The WA Independent Power Association has protested loudly against the WA Cabinet decision to create a new green fund – partnering with the likes of the Dutch Infrastructure Fund – that would develop certain projects in Synergy’s portfolio and contract the output to Synergy.

The move by the WA Labor government contrasts sharply with those of South Australia and Queensland, which are moving to tincrease competition in the market, mostly by bringing in new wind and solar projects that they say will help reduce costs.

Richard Harris, the chairman of the WA Independent Power Association, says the WA government has not thought through the long-term consequences to the market.

“This fund is a large step in the wrong direction away from a liquid and competitive wholesale market,” Harris says. “Its implementation will see Synergy’s problematic domination of the wholesale market increase and private participants will be crowded out.”

Harris says that by allowing Synergy to extend their dominance of the electricity market the government is locking in higher electricity prices for all Western Australians. It’s the opposite of what the SA and Queensland governments are trying to do.
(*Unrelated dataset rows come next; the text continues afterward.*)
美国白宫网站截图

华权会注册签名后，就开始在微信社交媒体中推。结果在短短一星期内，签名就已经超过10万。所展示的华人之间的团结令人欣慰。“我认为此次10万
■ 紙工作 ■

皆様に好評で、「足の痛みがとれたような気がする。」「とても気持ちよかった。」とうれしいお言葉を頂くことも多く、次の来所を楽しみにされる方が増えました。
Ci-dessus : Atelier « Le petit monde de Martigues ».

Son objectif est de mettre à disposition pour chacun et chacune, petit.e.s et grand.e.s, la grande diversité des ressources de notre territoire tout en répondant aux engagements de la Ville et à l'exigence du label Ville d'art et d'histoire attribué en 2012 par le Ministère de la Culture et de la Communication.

Harris says there are more than $1 billion of renewable energy projects put together by private companies, many of which are shovel ready and would be delivered more quickly and at lower cost than those in the Synergy portfolio.
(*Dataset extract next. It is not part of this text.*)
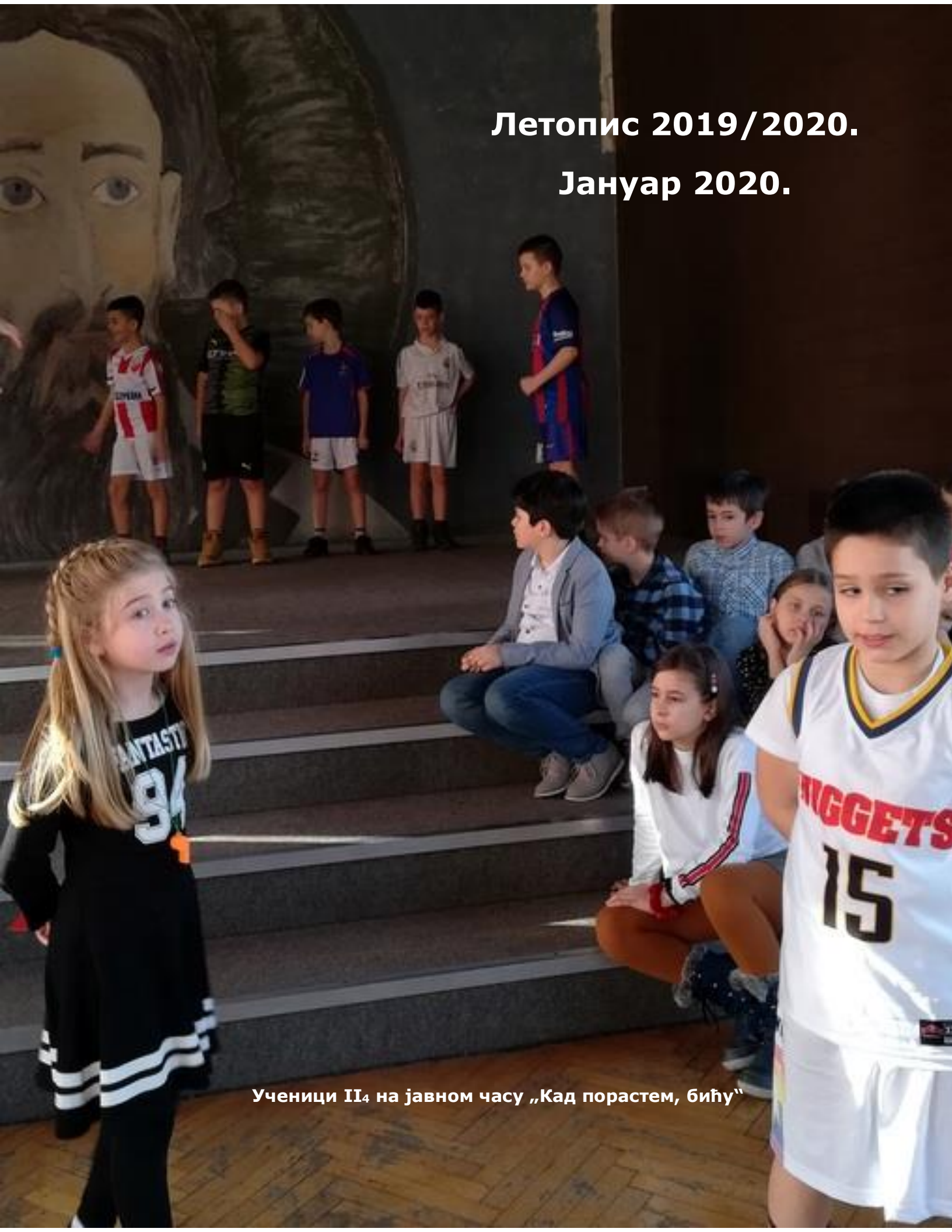
Ученици II 4 на јавном часу „Кад порастем, бићу“

“It is very hard for the private sector to understand how the government can effectively write a contract worth over $500 million with itself without an open and transparent process which ensures that the best value for money is being obtained by taxpayers.”

Harris predicted that renewable energy developers were now highly likely to leave the state to focus on creating jobs and infrastructure in other jurisdictions such as Victoria and Queensland, “where there is an open market and investment friendly policies which encourage private sector renewable development.”

This is despite predictions by the likes of professor Ross Garnaut that WA could well “go it alone” and create a low-carbon economy that could be a centre of renewable energy production and low-carbon manufacturing.

Garnaut said the opportunity was there to seize, particularly as the WA grid was not connected to main market in Australia, and the National Energy Guarantee would not apply in WA.

But that requires a policy vision from the government, and the new Labor government appears to be concerned with little more than ticking boxes to meet the national renewable energy target.

That, at least, is more than the previous Coalition government wanted. Its hostility to wind and solar projects was so profound it urged wind and solar be built in other states, and for three years just 2.5MW of large-scale capacity was contracted there.

That began to change in 2017, with notice that the Byford solar farm, the Greenough River solar extension, the Carnegie Clean Energy solar farm in Northam and other projects were also coming to fruition, but Harris says this revival could be stopped in its tracks by the Synergy move.

Harris said the only way to address the problem was to limit the size of some of the projects in the green fund, and to create an open tender for the supply of large-scale renewable energy certificates from the private sector.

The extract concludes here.